## What to do
Copy the data verbatim and leave out every picture.

## Source data
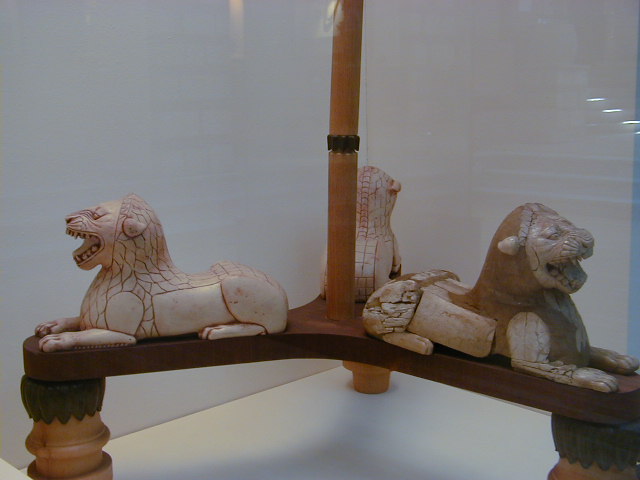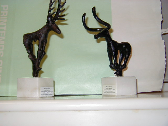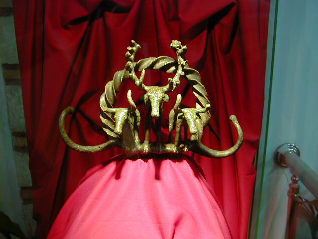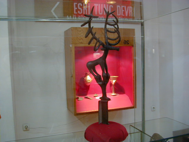 ↓鹿と牛を大切にしていた。家畜は動物性蛋白補給に欠かせない存在。それにしても見事な角。大袈裟だがシンプル。背景にある別のケースに収められた金杯と赤い壁紙が演出してくれる。にくい撮影だなぁ、我ながら。。。^^;
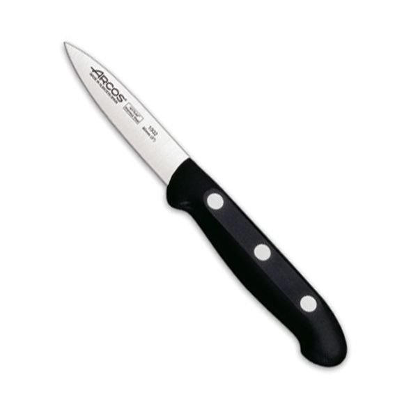 Este cuchillo mondador serie Maitre 80 mm Arcos tiene un diseño compacto y ergonómico que facilita el corte y limpieza de varios alimentos. Además, está hecho por expertos en Albacete, con una tecnología innovadora, que lo hace muy resistente y duradero. Hoja afilada de 80 mm, forjada en España con acero inoxidable NITRUM®, cuya fórmula es exclusiva de Arcos. Mango resistente al calor y químicos, hecho con polipropileno. Tiene remaches anticorrosión que fijan la hoja. Peso ligero de 80 gramos, que facilita la manipulación del cuchillo en entornos profesionales o en casa. Apto para el lavavajillas, aunque se recomienda lavar a mano para preservar el filo.
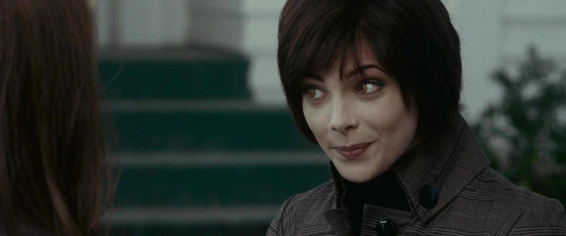 When Bella comes to visit the Cullens' house, Alice is polite and friendly, acting as if Bella is already a member of the family.

## Written response
 ↓鹿と牛を大切にしていた。家畜は動物性蛋白補給に欠かせない存在。それにしても見事な角。大袈裟だがシンプル。背景にある別のケースに収められた金杯と赤い壁紙が演出してくれる。にくい撮影だなぁ、我ながら。。。^^;
 Este cuchillo mondador serie Maitre 80 mm Arcos tiene un diseño compacto y ergonómico que facilita el corte y limpieza de varios alimentos. Además, está hecho por expertos en Albacete, con una tecnología innovadora, que lo hace muy resistente y duradero. Hoja afilada de 80 mm, forjada en España con acero inoxidable NITRUM®, cuya fórmula es exclusiva de Arcos. Mango resistente al calor y químicos, hecho con polipropileno. Tiene remaches anticorrosión que fijan la hoja. Peso ligero de 80 gramos, que facilita la manipulación del cuchillo en entornos profesionales o en casa. Apto para el lavavajillas, aunque se recomienda lavar a mano para preservar el filo.
 When Bella comes to visit the Cullens' house, Alice is polite and friendly, acting as if Bella is already a member of the family.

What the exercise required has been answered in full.